Friday, March 17, 2006

Newspaper Monopoly

A Columbia Journalism Reveiw editorial misses the point. In making the argument that years of monopoly underminded newspapers, they write: [Emphasis mine.]
Whether editors used it well or wasted it, the golden age of monopoly is gone. Newspapers are in competition with everything now, and they have fewer troops to deploy. Editors know this. But it’s not yet clear at some papers that they know it deeply enough to try to lift those troops to levels of creativity that this loss of a news monopoly requires, to help time-pressed reporters make sharper choices, and to remind them over and over that they have qualities that few bloggers or radio jabbermouths or cable talkers come close to supplying: a visceral knowledge of the turf and an ability to report deeply and write with both voice and authority, given time and a little encouragement.
The idiocy of that argument is that journalists where chosen, pre-selected, and the preferred hires for their lack of creativity, for their lack of daring, for their very willingness to write for, and conform to, a newspaper culture that is indistinguishable from the Liberal ideology.

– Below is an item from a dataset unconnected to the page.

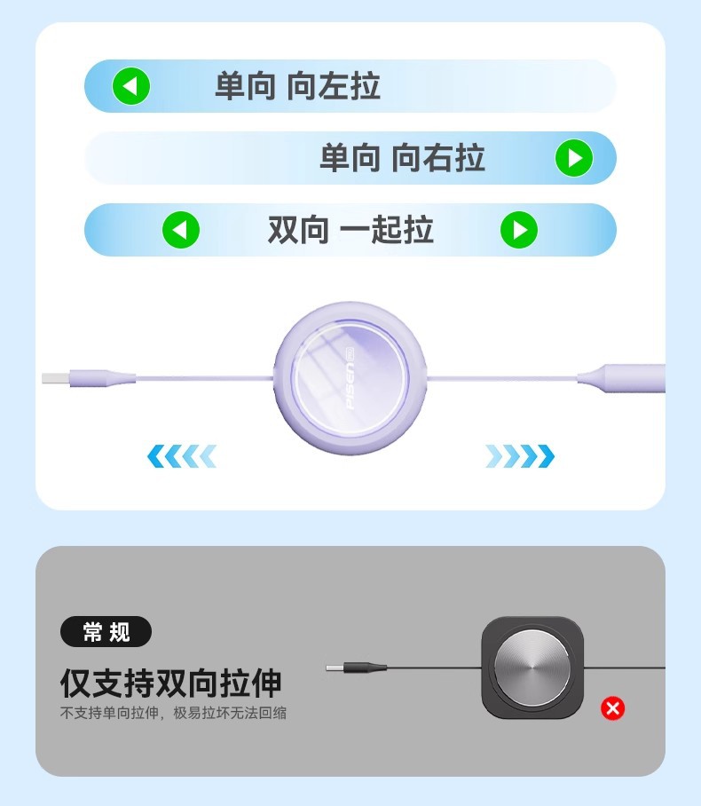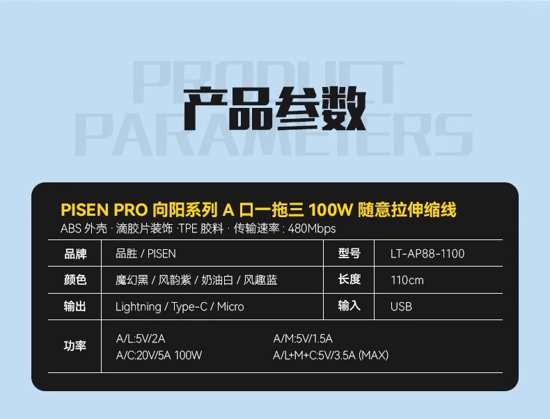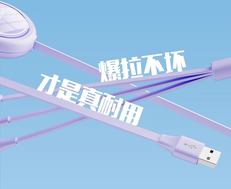 品勝三合一數據線伸縮充電線適用蘋果16pro華爲小米100W數據線C口

(In fact, it's debatable whether newspaper culture IS the liberal ideology. )

So to ask those "troops" now to be lifted to "levels of creativity" is to deny that the purpose of diversified newsrooms intended -- that hiring be based on lack of excellence. They were hired for loyalty. Not genius, not writing skills, not imagination, not depth of experience. How do you take a college grad with a degree in journalism and teach him to "report deeply" when he has no life experiences and by, virtue of his employment, never will have. You don't. Newspapers never wanted that degree of free thinking or independence.

Journalists live in grey towers of ignorance that self-regard and egotism refuse to acknowledge. They are the brightest and the best because others tell them so. So how do you inject "authority" into someone who moved into the newsroom right after college, had no experiences in the workplace, lives separately from his fellow man?

You don't. That's why newspapers hire sophomoric morons right out of college. That's why they hope they remain sophomoric morons. The only creativity they were ever allowed in their careers was making up quotes and fabrications. The people who despise newsrooms the most are journalists who have a degree of intellect. But the morons rule.

Newspapers know this. The editorial reference to "troops" -- when the MSM regard "troops" as witless pawns -- is more telling than they know.